Minor league affiliations
- Class: Rookie
- League: Dominican Summer League
- Division: South

Major league affiliations
- Team: Colorado Rockies

Minor league titles
- League titles (0): None

Team data
- Name: Rockies
- Ballpark: Colorado Rockies Complex
- Owner(s)/ Operator(s): Colorado Rockies
- Manager: Mauricio Gonzalez

= Dominican Summer League Rockies =

The Dominican Summer League Rockies or DSL Rockies are a Rookie League affiliate of the Colorado Rockies based in the Dominican Republic. They play in the Dominican Summer League. As an independent affiliate, they have been in existence since 1997. Starting in 2018, two squads were fielded, initially known as DSL Rockies 1 and DSL Rockies 2. In 2021, the two teams were named DSL Colorado and DSL Rockies.

==History==
The team first came into existence in 1992, the year before the MLB debut of the Colorado Rockies.
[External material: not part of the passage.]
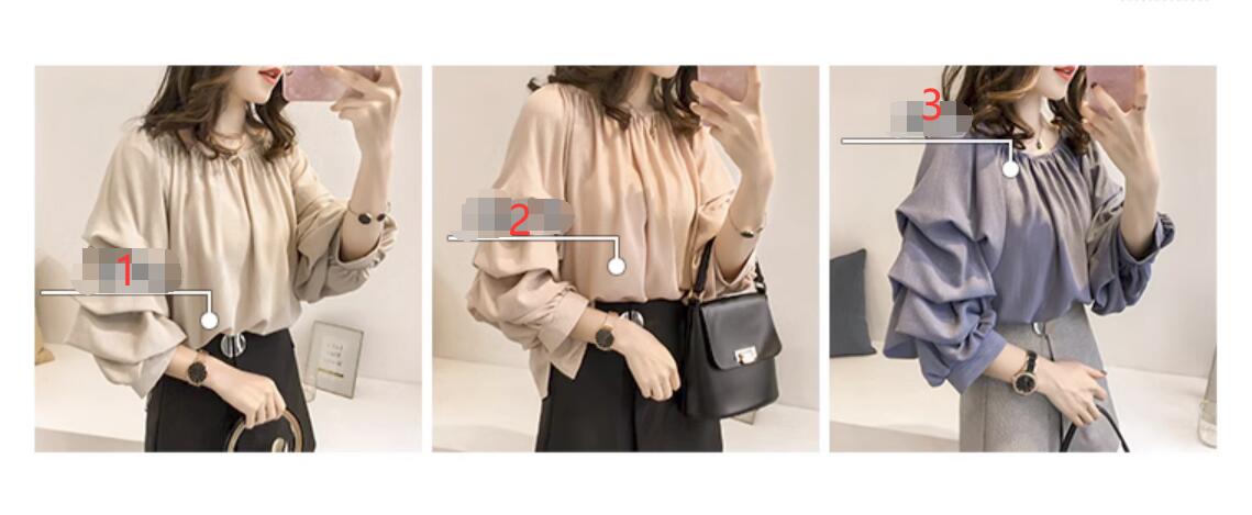 首元のギャザーと袖口のリボンが上品な印象を与えます。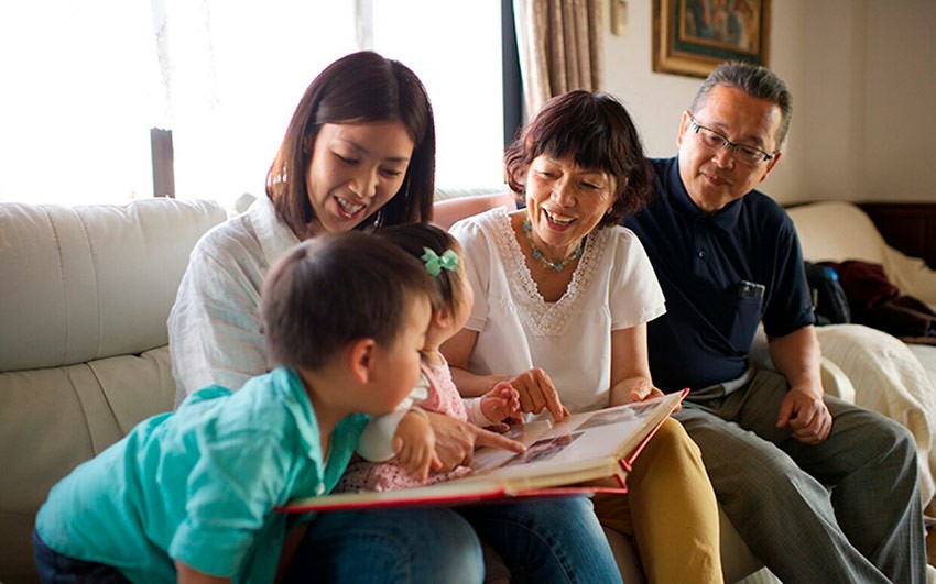 Имя чужой семьи по-японски – го-казоку, где «го» показывает глубокое уважение к человеку. Если нужно сказать реплику, в которой упоминаются бабушки и дедушки, их называют обаа-сан, оджии-сан. К чужим родителям принято обращаться го-рюушин, а дядю и тетю называют оджи-сан, оба-сан. Приставка «го» записывается как ご, суффикс сан – さん. Живые ситуации применения таких официальных вежливых вариантов именования родственников встречаются в текстах песен дуэта Дза Пинац – Эми и Юми Ито.

They shared an affiliation with the Kansas City Royals and the Chicago Cubs and were known as the DSL Royals/Cubs/Rockies. The team continued to share an affiliation with the Royals from 1993 to 1996, when it was known as the DSL Royals/Rockies. The team has been independently affiliated with the Rockies since 1997. Beginning in 2018, the DSL Rockies will split into two squads, competing as DSL Rockies 1 and DSL Rockies 2. Long-time manager Mauricio Gonzalez will coach Team 1, and Julio Campos will manage Team 2.